Elder Care: Can We Make it Better?


By Brenda Brown-Grooms

As Baby Boomers age into Medicare, ours is becoming a society of elders. Research suggests that we are not prepared to take care of either the number of elders or their health-care issues.
On a recent PBS broadcast of "Frontline," experts claimed that, although there are about 10,000 to 12,000 geriatricians in the U.S., there is a need for 35,000 to 40,000 today and more in the future. According to Dr. Jeffrey Faber, a geriatrician at Mount Sinai Hospital in New York, those 65 and older will number 70 million, or roughly 20% of the country's population by 2030.

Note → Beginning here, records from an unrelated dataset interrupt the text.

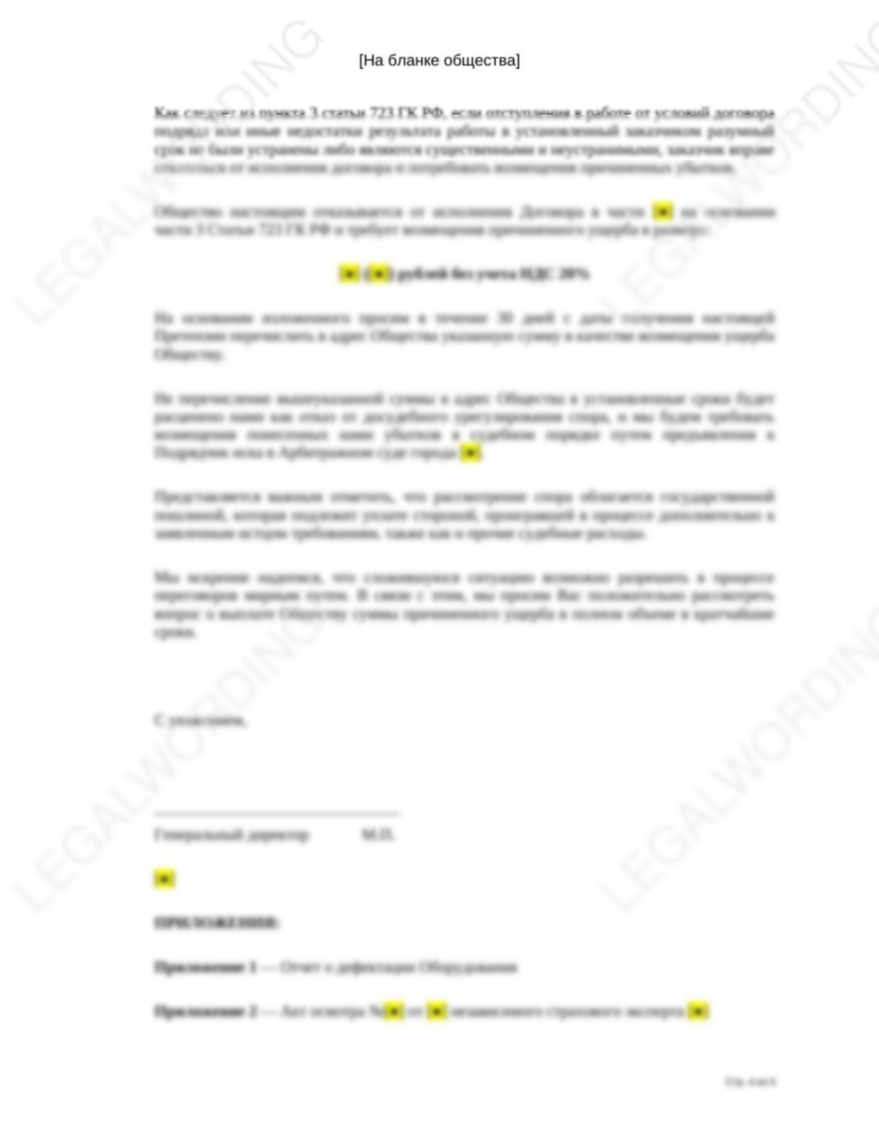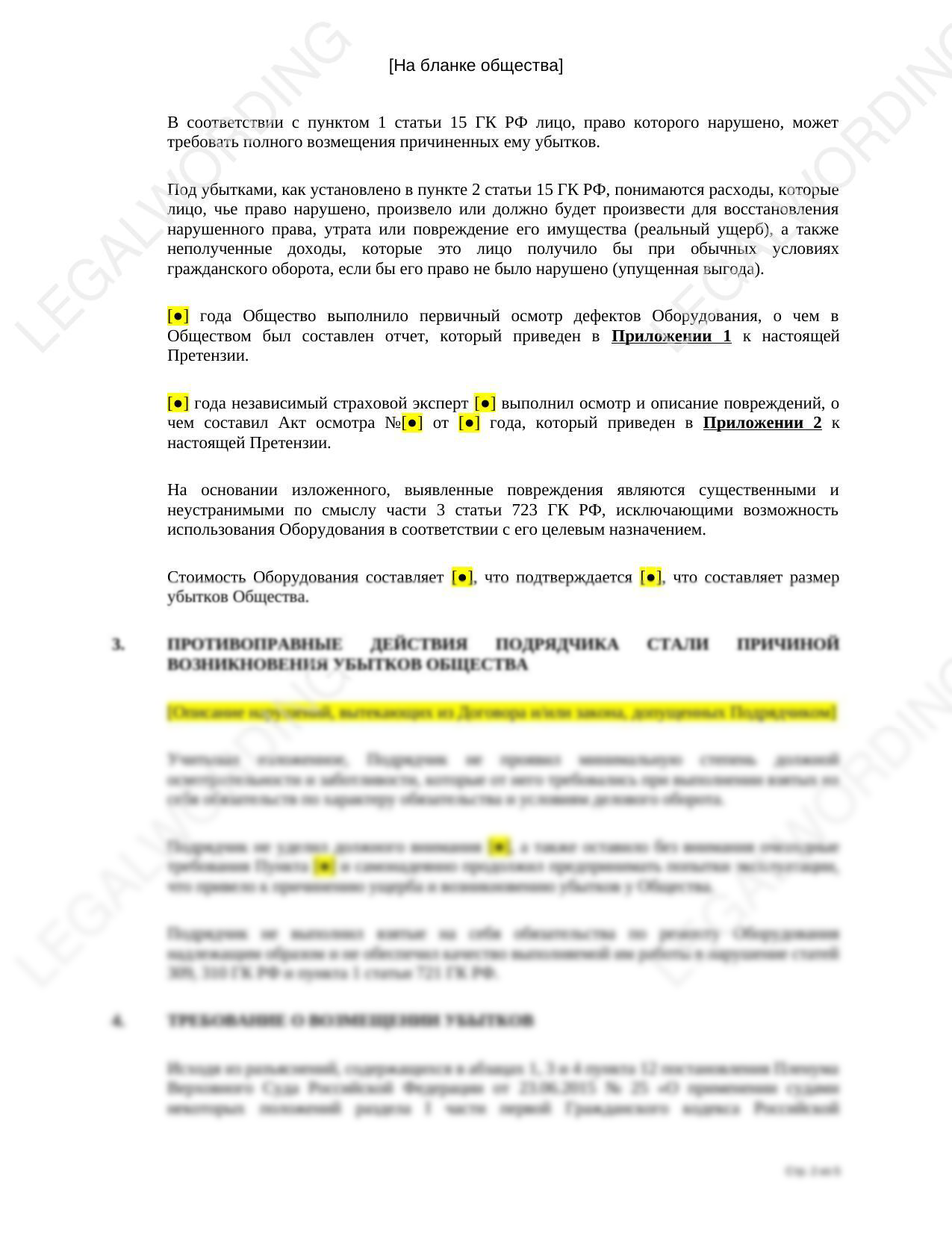 Подрядчик причинил вред оборудованию заказчика, которое взял у заказчика в ремонт. Заказчик в претензии приводит обстоятельства причинения вреда и требует возмещение убытков.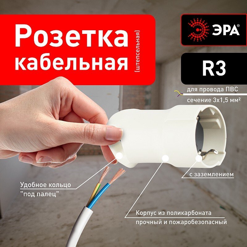 Розетка штепсельная ЭРА R3, c заземлением, максимальная мощность - 16A/3500Вт (кабель до 3x1,5мм2).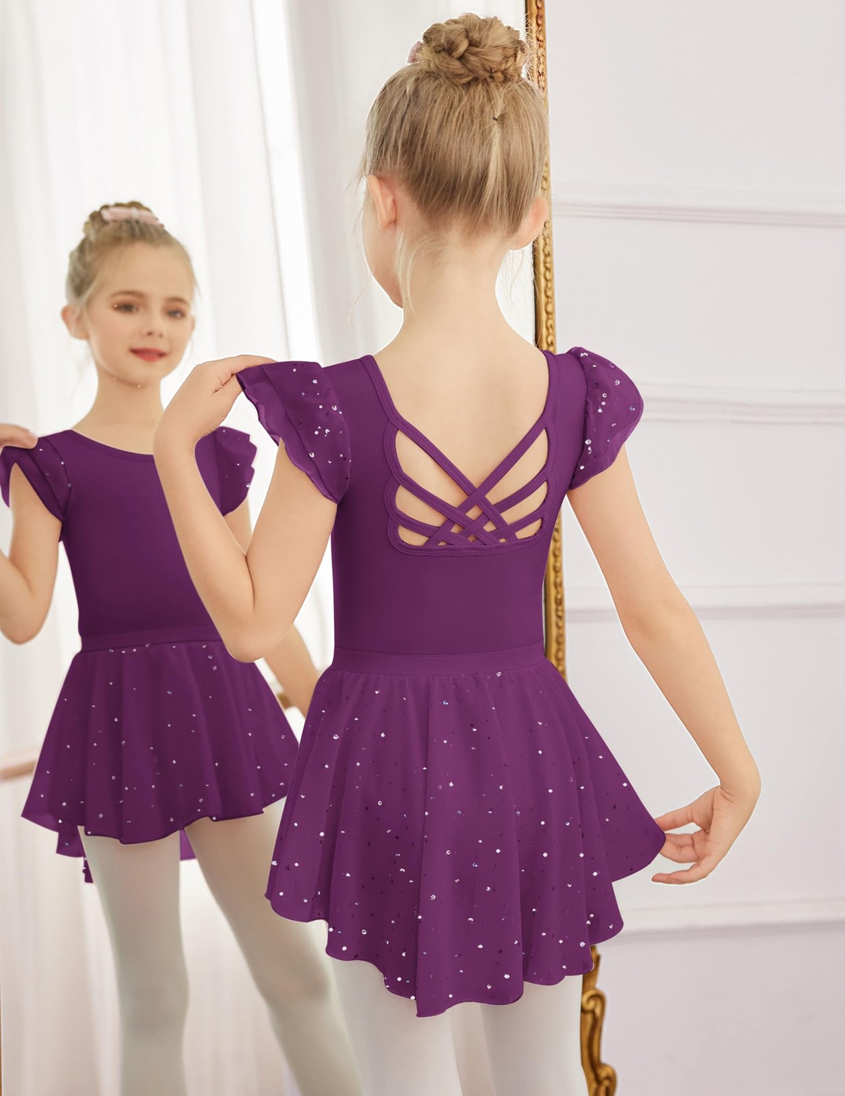 Ballet Leotards for Girls Toddler Ruffle Sleeve Crisscross Back Dance Dress O...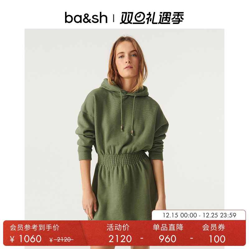 bash早秋法式简约休闲女装裙子卫衣裙连帽收腰连衣裙短裙1E23DITS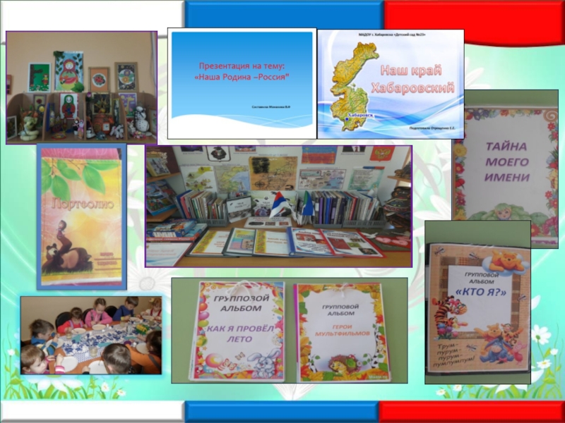 Уголок патриотического воспитания. Патриотический уголок в детском саду помогает познакомить детей: с историей и достопримечательностями родного края, животными и растениями; с государственными символами родной страны и нашего Хабаровского края (флагом, гербом, гимном, портретами президента и главы города); с русскими народными промыслами и традициями коренных народов. Благодаря материалам такой зоны развивается интерес и уважение детей к своей семье и своему дошкольному учреждению, труду людей разных профессий, достижениям известных людей города и страны; способствует формированию патриотических чувств. Здесь представлены фотоальбомы, иллюстрации, коллекции открыток с изображением Хабаровска, книги, карты, игры, наши совместные проекты, сувениры.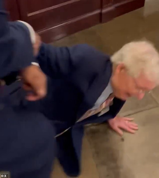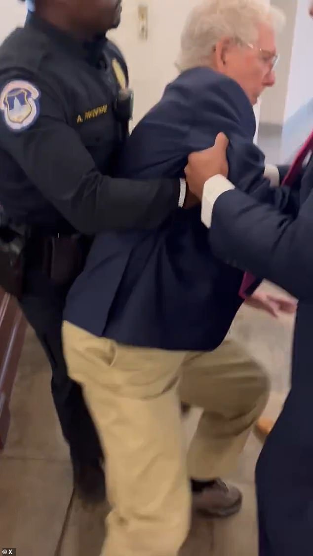 The KentuckyThe senator was assisted to his feet by an assistant and aCapitolPolice officer. He managed to wave briefly towards the camera before resuming his walk without any help.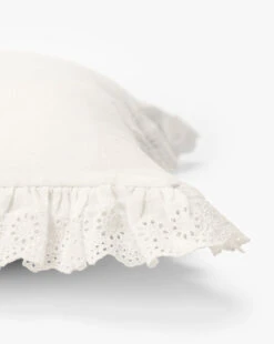 The Delilah Broderie Trim Pillow Cover is made from white linen with a delicate broderie border. Designed in collaboration with Loeffler Randall, this piece brings a considered aesthetic to your home with every detail.Â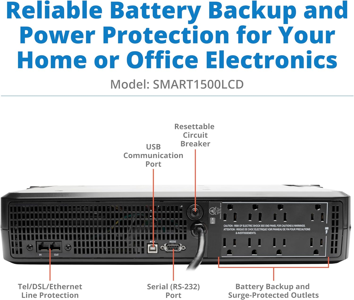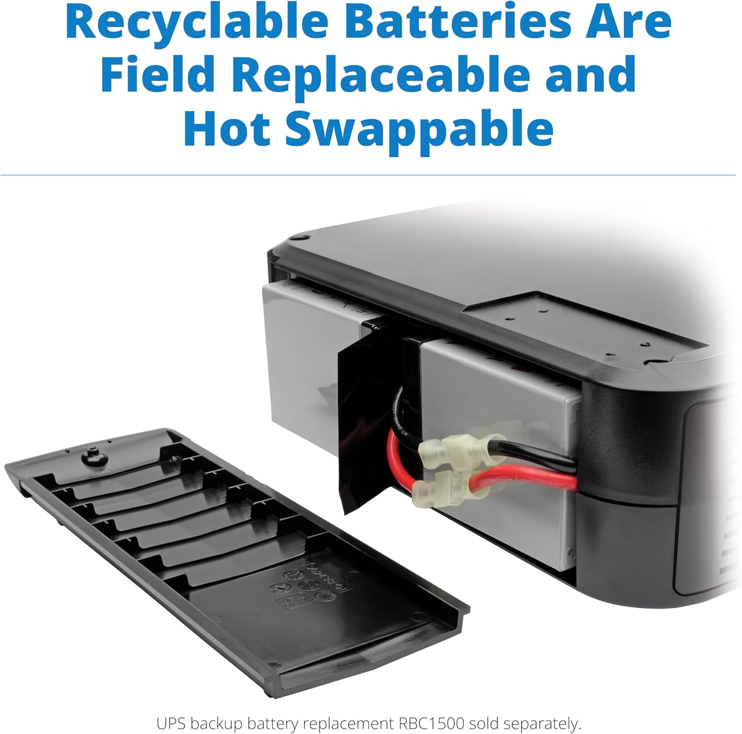 - 1500VA/900W UPS: Eight NEMA 5-15R outlets provide reliable UPS battery backup & surge protection for servers, computers, and peripherals. The six-foot NEMA 5-15P input power cord ensures easy connection to compatible AC outlets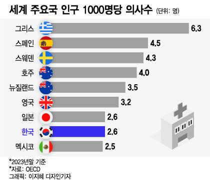 블룸버그는 OECD(경제협력개발기구) 보건통계를 인용해 2023년 기준 한국의 인구 1000명당 의사 수가 2.6명으로 주요국 중 최하위 수준이라는 점을 강조했다. 인구 1000명당 의사 수는 그리스가 6.3명으로 가장 많고 스페인(4.5명), 스웨덴(4.3명), 호주(4명), 뉴질랜드(3.5명), 영국(3.2명) 등 순이다.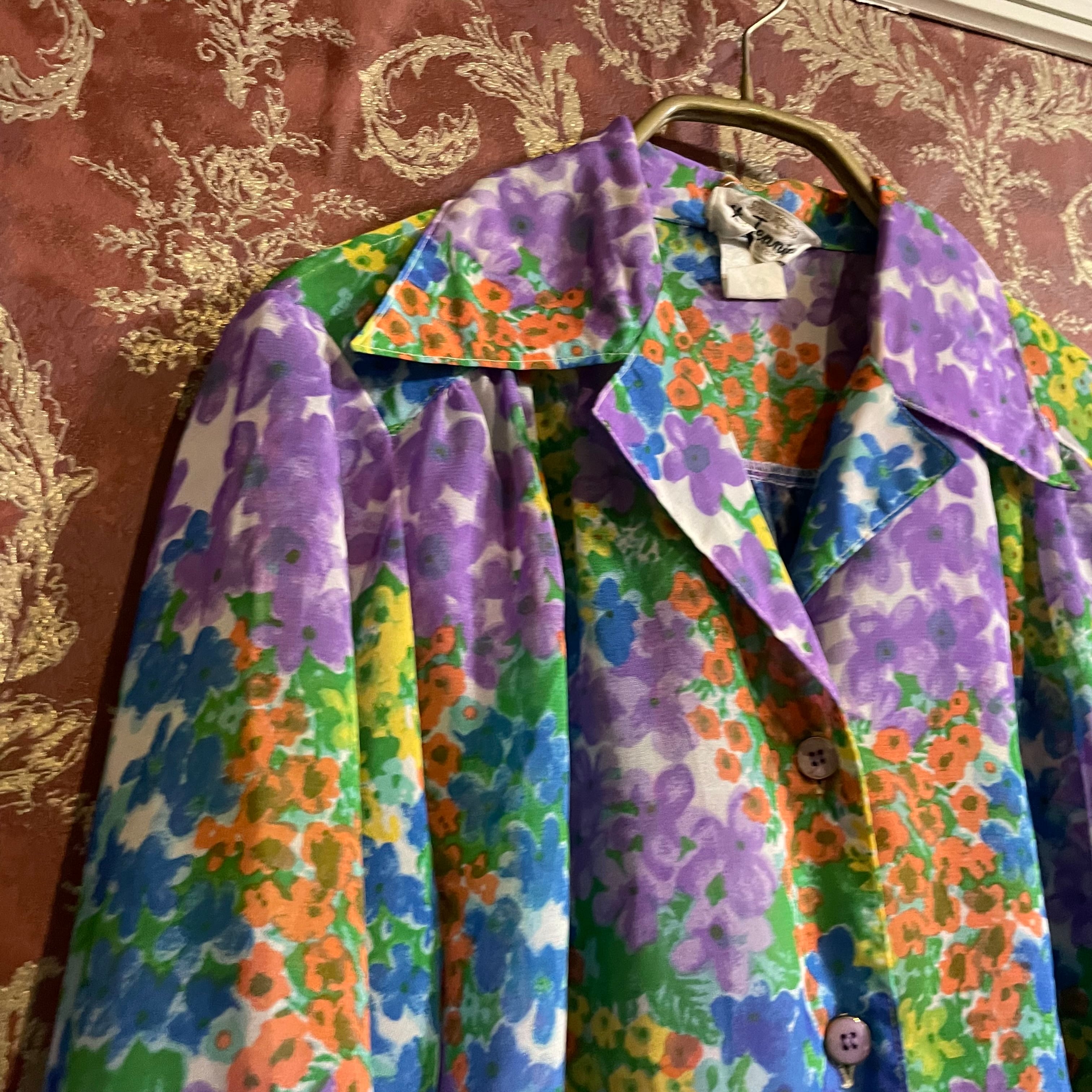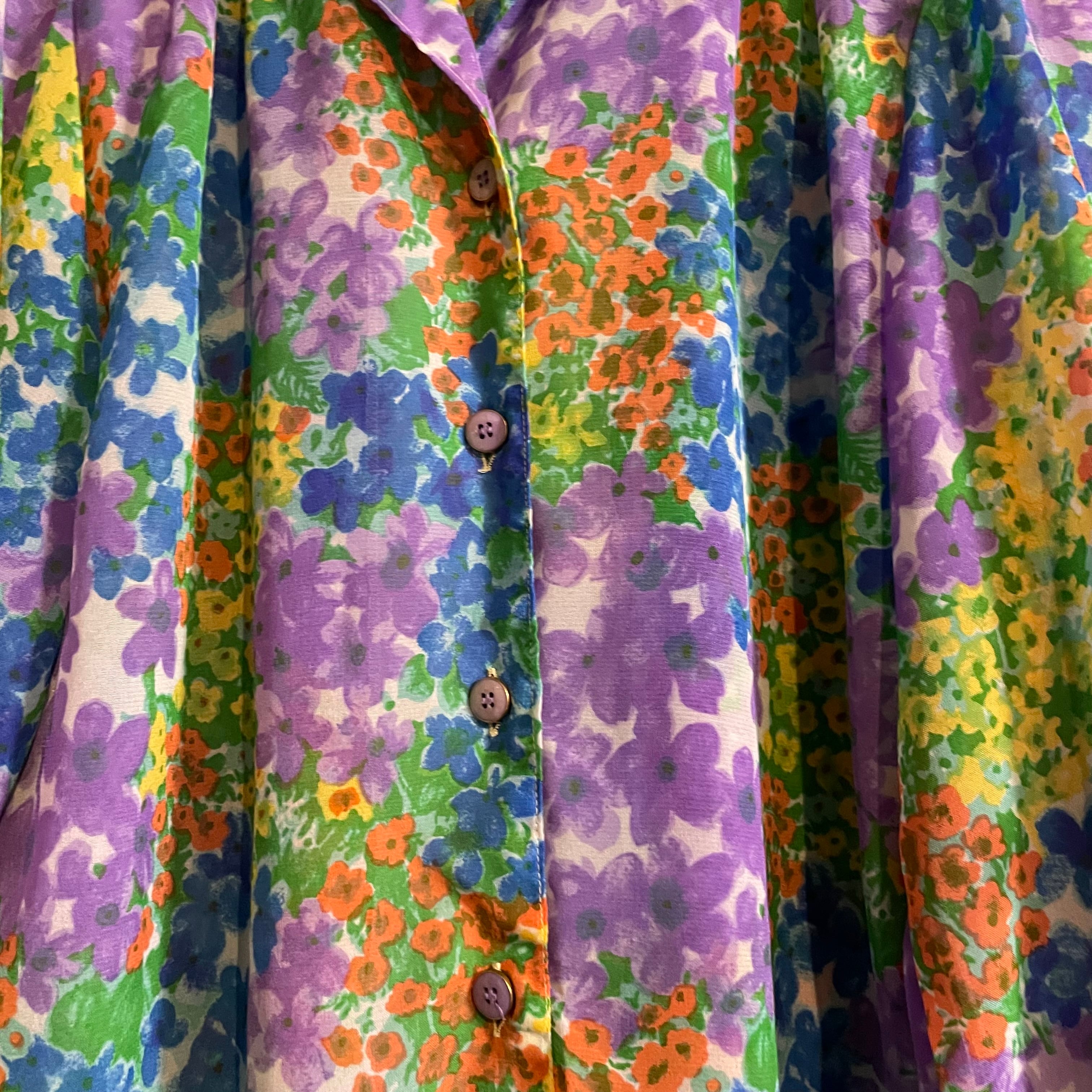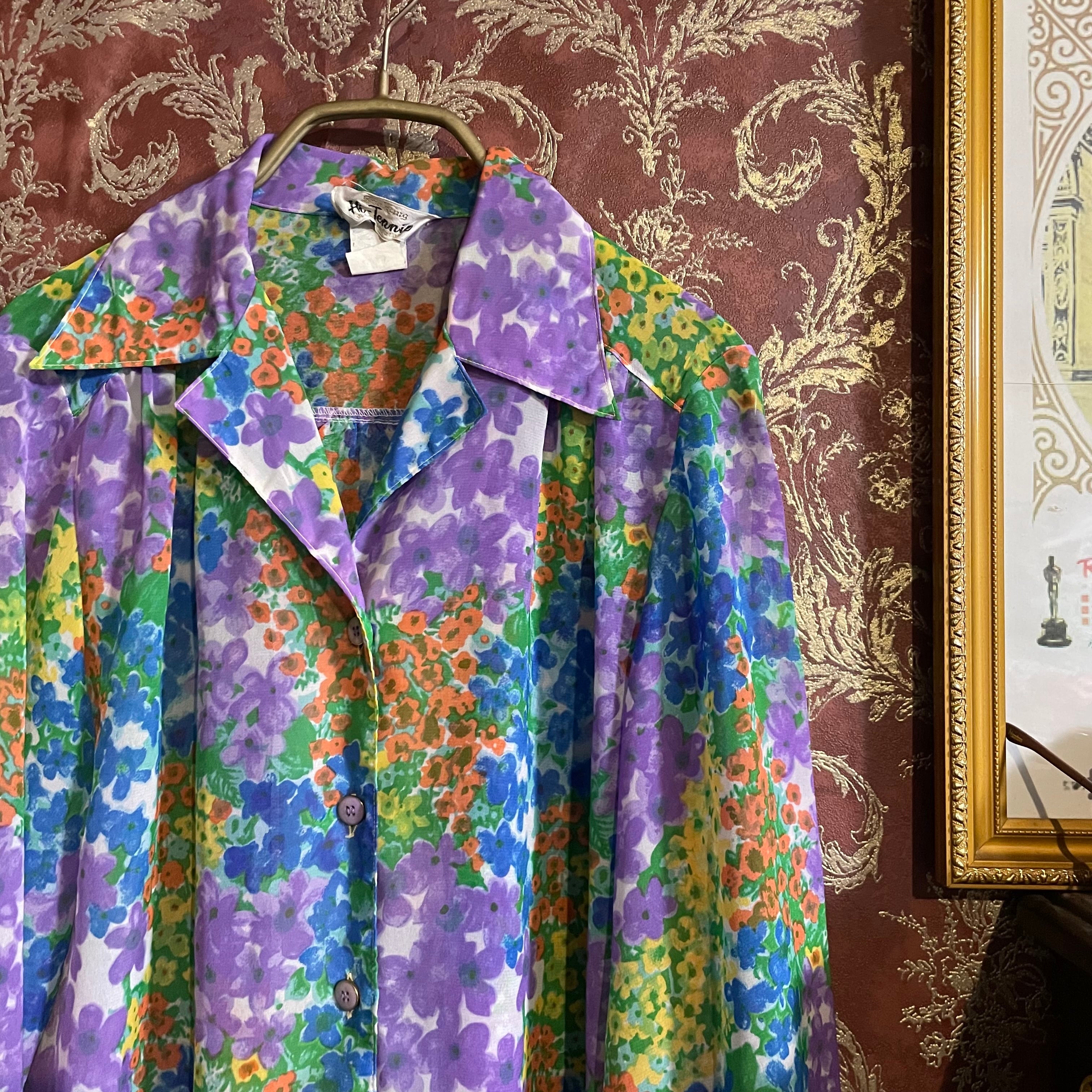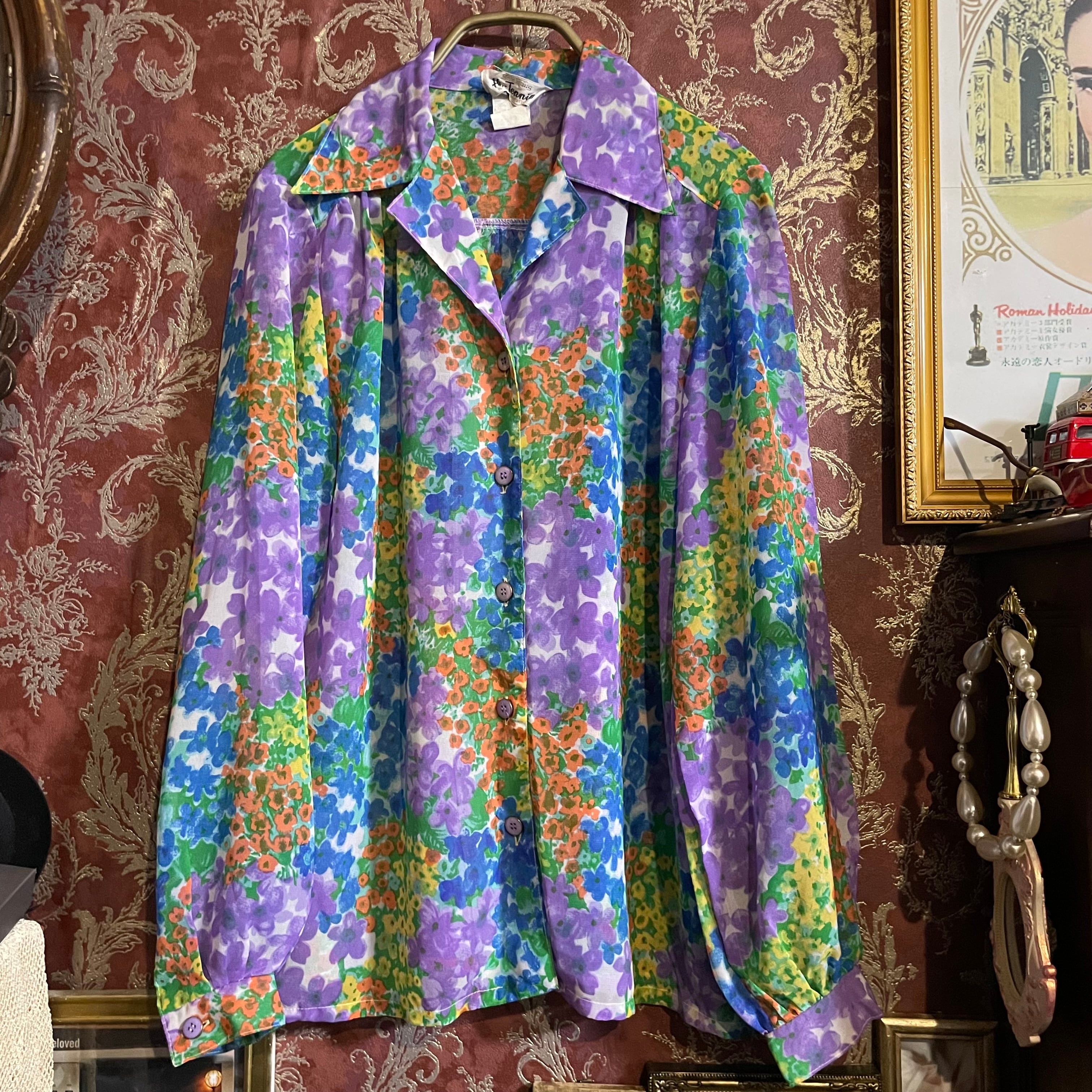 鮮やかなフラワープリントが目を引く、レトロな雰囲気のヴィンテージブラウスです。

Our health-care system, Faber said, is designed neither to address multiple-system shutdowns most commonly seen in older people nor the issue of who will pay for such care. What happens, he said, is that no one is paying for the comprehensive health care of older adults so, after spend-downs, Medicare does, by default.
A major question facing a society unprepared to take care of its aging population is this, "What do seniors fear most - being a burden on their children or living out their days in a nursing home?"
My mother has a morbid fear of nursing homes. As she has aged, she has decided to be brave and tell her six children on as many occasions as she can muster that she does not want to be a burden on any of us and would prefer to go to a nursing home rather than let that happen. Even as she says the words, I can see just behind eyes that sparkle when she laughs that she is thinking, "Out of five girls and one boy, surely someone will care enough for me to keep me out of an accursed nursing home." We are hoping the same thing. But, in fact, it is going to take a lot more than hope.
Experts agree that it is going to take money, planning and advocacy to bring about a paradigm shift that results in a system that doesn't first impoverish seniors before they are eligible for basic health care. It is going to take far more medical students specializing in geriatrics than we currently have. It is going to take a society that has learned to value all its members and doesn't leave out the aging. It is going to take parents and children thinking and planning together.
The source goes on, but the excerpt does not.